### ABOUT THIS TASK
Go through the listing below and write out exactly the lines from the one that mentions "A: UTI组心肌组织病理学改变;B:对照组心肌组织病理学改变 图" through the one that mentions "Sweter kardigan damski", minus the pictures.

### SUPPLIED MATERIAL
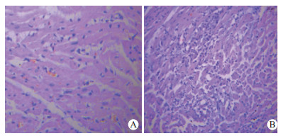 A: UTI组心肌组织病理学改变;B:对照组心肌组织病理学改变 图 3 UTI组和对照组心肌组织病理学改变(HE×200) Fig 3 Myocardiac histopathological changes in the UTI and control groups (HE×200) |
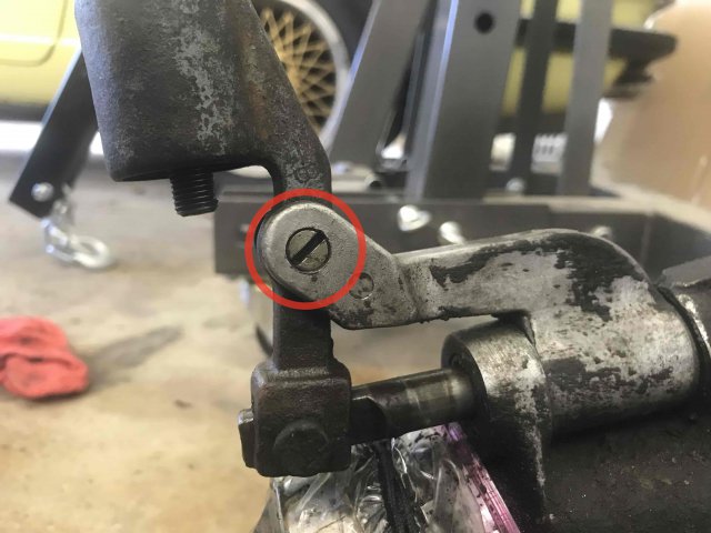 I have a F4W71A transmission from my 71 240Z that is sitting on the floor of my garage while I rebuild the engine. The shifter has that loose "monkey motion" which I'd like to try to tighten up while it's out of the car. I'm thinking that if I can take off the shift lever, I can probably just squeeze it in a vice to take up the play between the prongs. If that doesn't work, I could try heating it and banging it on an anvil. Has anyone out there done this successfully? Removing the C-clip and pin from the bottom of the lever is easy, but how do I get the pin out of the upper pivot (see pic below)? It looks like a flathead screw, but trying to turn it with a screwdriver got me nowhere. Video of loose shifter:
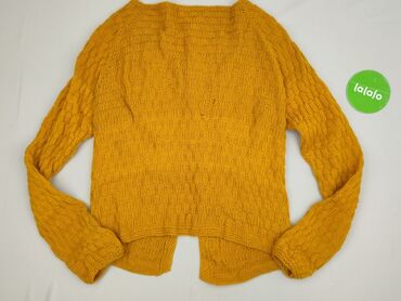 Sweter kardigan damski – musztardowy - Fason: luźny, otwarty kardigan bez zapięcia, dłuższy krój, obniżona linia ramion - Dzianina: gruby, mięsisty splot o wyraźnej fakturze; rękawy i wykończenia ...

...

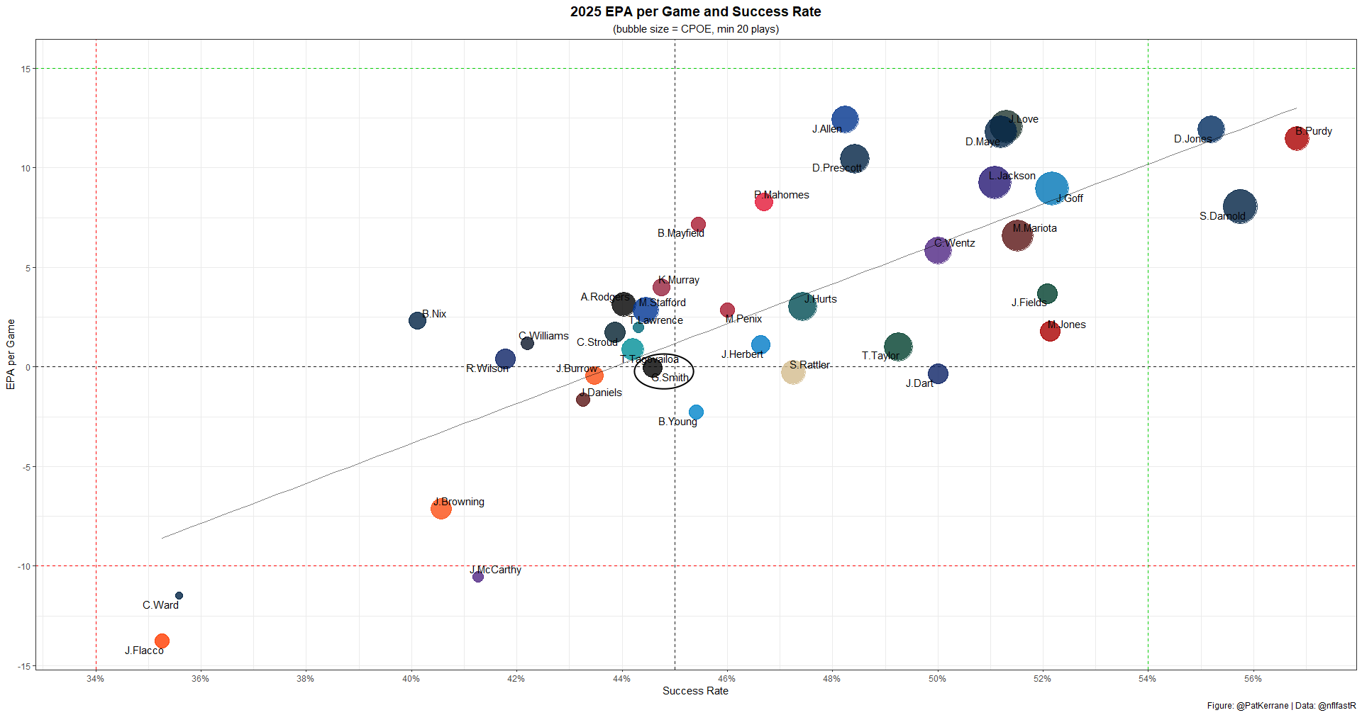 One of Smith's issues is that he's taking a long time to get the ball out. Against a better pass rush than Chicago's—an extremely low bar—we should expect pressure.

### FINISHED EXERCISE
 A: UTI组心肌组织病理学改变;B:对照组心肌组织病理学改变 图 3 UTI组和对照组心肌组织病理学改变(HE×200) Fig 3 Myocardiac histopathological changes in the UTI and control groups (HE×200) |
 I have a F4W71A transmission from my 71 240Z that is sitting on the floor of my garage while I rebuild the engine. The shifter has that loose "monkey motion" which I'd like to try to tighten up while it's out of the car. I'm thinking that if I can take off the shift lever, I can probably just squeeze it in a vice to take up the play between the prongs. If that doesn't work, I could try heating it and banging it on an anvil. Has anyone out there done this successfully? Removing the C-clip and pin from the bottom of the lever is easy, but how do I get the pin out of the upper pivot (see pic below)? It looks like a flathead screw, but trying to turn it with a screwdriver got me nowhere. Video of loose shifter:
 Sweter kardigan damski – musztardowy - Fason: luźny, otwarty kardigan bez zapięcia, dłuższy krój, obniżona linia ramion - Dzianina: gruby, mięsisty splot o wyraźnej fakturze; rękawy i wykończenia ...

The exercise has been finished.